11. Ceza Dairesi Esas No: 2016/8076 Karar No: 2019/6820 Karar Tarihi: 01.10.2019
Vergi Usul Kanununa Muhalefet - Yargıtay 11. Ceza Dairesi 2016/8076 Esas 2019/6820 Karar Sayılı İlamı
Özet:
Asliye Ceza Mahkemesi, vergi usulüne aykırı hareket ettiği gerekçesiyle sanığı mahkum etti. Sanık, defter ve belgeleri gizlemek suçundan yargılandı. Mahkeme, zararın maddi olmadığı için hükmün açıklanmasının geri bırakılmasına yer olmadığına karar verdi. Ancak sanığın adli sicil kaydında daha önce kasıtlı bir suçtan mahkumiyeti olduğu tespit edildiği için hükmün açıklanmasının geri bırakılması şartlarının oluşmadığı belirtildi. Karar, ayrıca Anayasa Mahkemesi iptal kararının infaz aşamasında gözetilmesi gerektiğine dikkat çekti. Yargıtay Ceza Genel Kurulu'nun 2011 tarihli kararına göre, sanık mahkumiyetiyle sonuçlanan ceza davasında katılan kendisini vekille temsil ettirdiğinden, vekil duruşmalara katılmadığı halde katılana maktu vekalet ücretinin ödenmesi gerektiği belirtildi. Kanun maddeleri: CMK 231, TCK 53, 5237, 5320, 1412, Avukatlık Asgari Ücret Tarifesi.

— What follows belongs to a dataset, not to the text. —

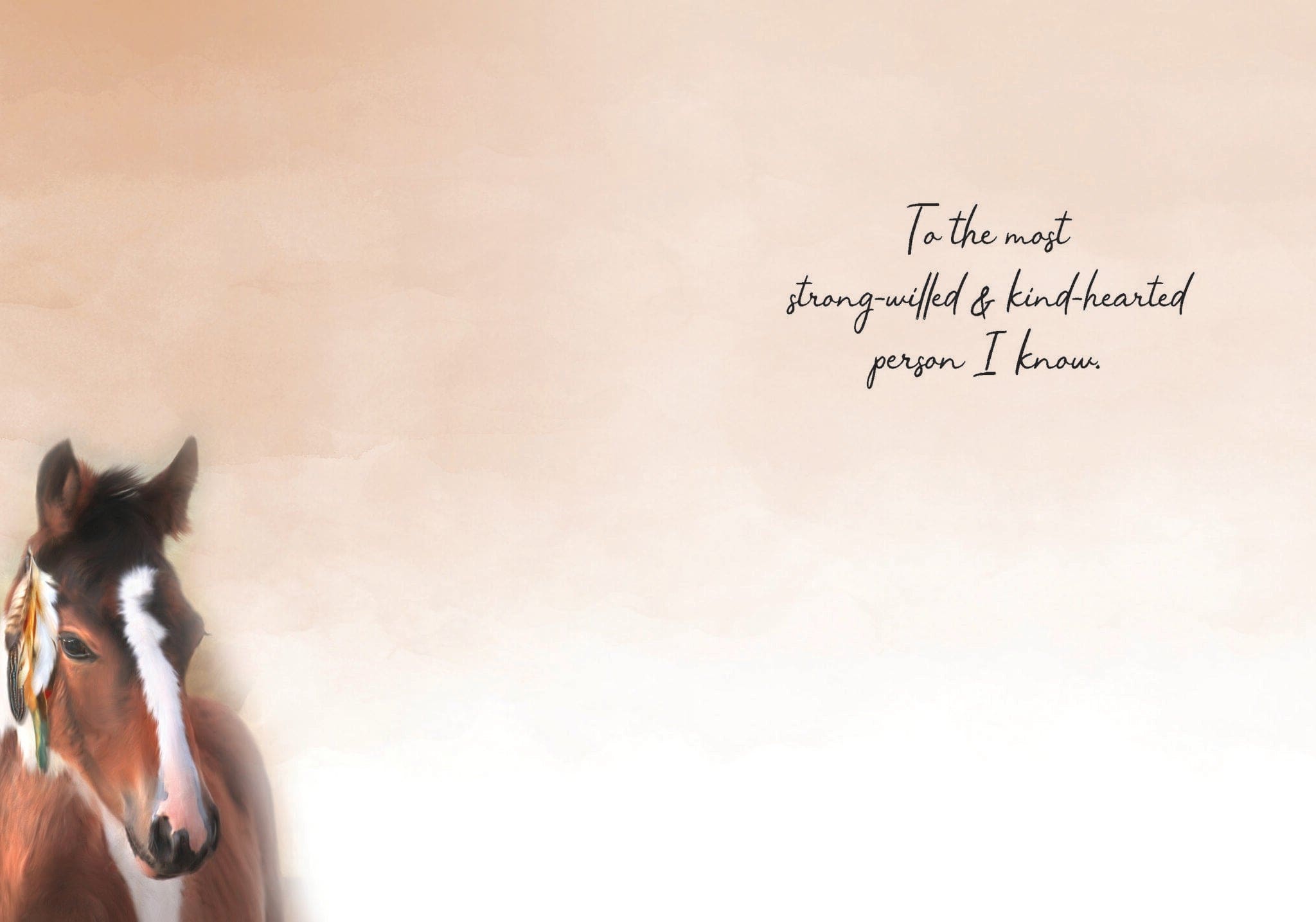 Each card measures 5″x7″ (13cmx18cm) and is printed in full colour on linen paper, comes with a coordinating colour envelope. Printed in Canada. Inside greeting: To the most strong-willed & kind-hearted person I know.
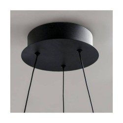 La colección Sand Negro está disponible en diferentes tamaños. Esta original lámpara es de estilo moderno. Su estructura es de metal en acabado negro y pvc blanco. Lleva integrado led 22w consumo (1760lm). Su luz sale emitida de forma indirecta en una agradable tonalidad 3000k (luz cálida). Su altura es regulable a la hora de la instalación. Ideal para utilizar como iluminación en un salón, un dormitorio, un comercio. Disponible en acabado oro.

11. Ceza Dairesi 2016/8076 E. , 2019/6820 K.
"İçtihat Metni"
MAHKEMESİ :Asliye Ceza Mahkemesi SUÇ : Vergi Usul Kanununa Muhalefet HÜKÜM : Mahkumiyet
Tehlike suçu olması nedeniyle defter ve belgeleri gizleme suçunda CMK"nin 231. maddesi anlamında maddi zarar doğmayacağı, defter ve belgelerin incelemeye ibraz edilmemesinden dolayı tarh edilecek vergi ve cezaların ise eylemden doğan zarar niteliğinde bulunmadığı, sanık hakkında, katılan kurumun zararının giderilmediğinden bahisle yasal olmayan gerekçeyle hükmün açıklanmasının geri bırakılmasına yer olmadığına karar verilmiş ise de; sanığın, adli sicil kaydından, daha önce kasıtlı bir suçtan mahkumiyetinin bulunduğu ve hükmün açıklanmasının geri bırakılması şartlarının oluşmadığı anlaşıldığından bu husus bozma nedeni yapılmamıştır. Gerekçeli karar başlığında 2012 yılı olarak eksik yazılan suç tarihinin, 25.05.2012 olarak mahallinde düzeltilmesi, 5237 sayılı TCK’nin 53. maddesinin uygulanmasında, Anayasa Mahkemesinin 08.10.2015 tarihli, 2014/140 Esas ve 2015/85 Karar sayılı iptal kararının infaz aşamasında gözetilmesi mümkün görülmüştür. Yapılan duruşmaya, toplanıp karar yerinde gösterilen delillere, mahkemenin soruşturma ve kovuşturma neticelerine uygun şekilde oluşan inanç ve takdirine, incelenen dosya içeriğine göre hükümde düzeltme nedeni dışında bir isabetsizlik bulunmadığından sanık ve katılan vekilinin yerinde görülmeyen diğer temyiz nedenlerinin reddine, ancak; Yargıtay Ceza Genel Kurulu"nun 27/09/2011 gün ve 2011/3-167-2011/194 sayılı Kararında da açıklandığı üzere sanığın mahkumiyetiyle sonuçlanan ceza davasında katılan kendisini vekille temsil ettirdiğinden, vekil duruşmalara katılmasa dahi karar tarihinde yürürlükte bulunan Avukatlık Asgari Ücret Tarifesi uyarınca katılan lehine vekâlet ücretine hükmedilmesi zorunlu olup, katılan vekilinin duruşmaları takip etmediği gerekçesiyle vekalet ücreti yerine dilekçe yazım ücretine hükmedilmesi, Yasaya aykırı ise de, yeniden yargılama yapılmasını gerektirmeyen bu hususun, 5320 sayılı Kanun’un 8/1. maddesi uyarınca uygulanması gereken 1412 sayılı CMUK"nin 322. maddesi gereğince düzeltilmesi mümkün bulunduğundan, hüküm fıkrasından dilekçe yazım ücretine ilişkin kısmın çıkarılması ile yerine “Hüküm tarihinde yürürlükte bulunan Avukatlık Asgari Ücret Tarifesine göre hesaplanan 1500-TL maktu vekalet ücretinin sanıktan alınarak katılana verilmesine” cümlesi eklenmek suretiyle diğer yönleri usul ve yasaya uygun bulunan hükmün DÜZELTİLEREK ONANMASINA, 01.10.2019 tarihinde oy birliğiyle karar verildi.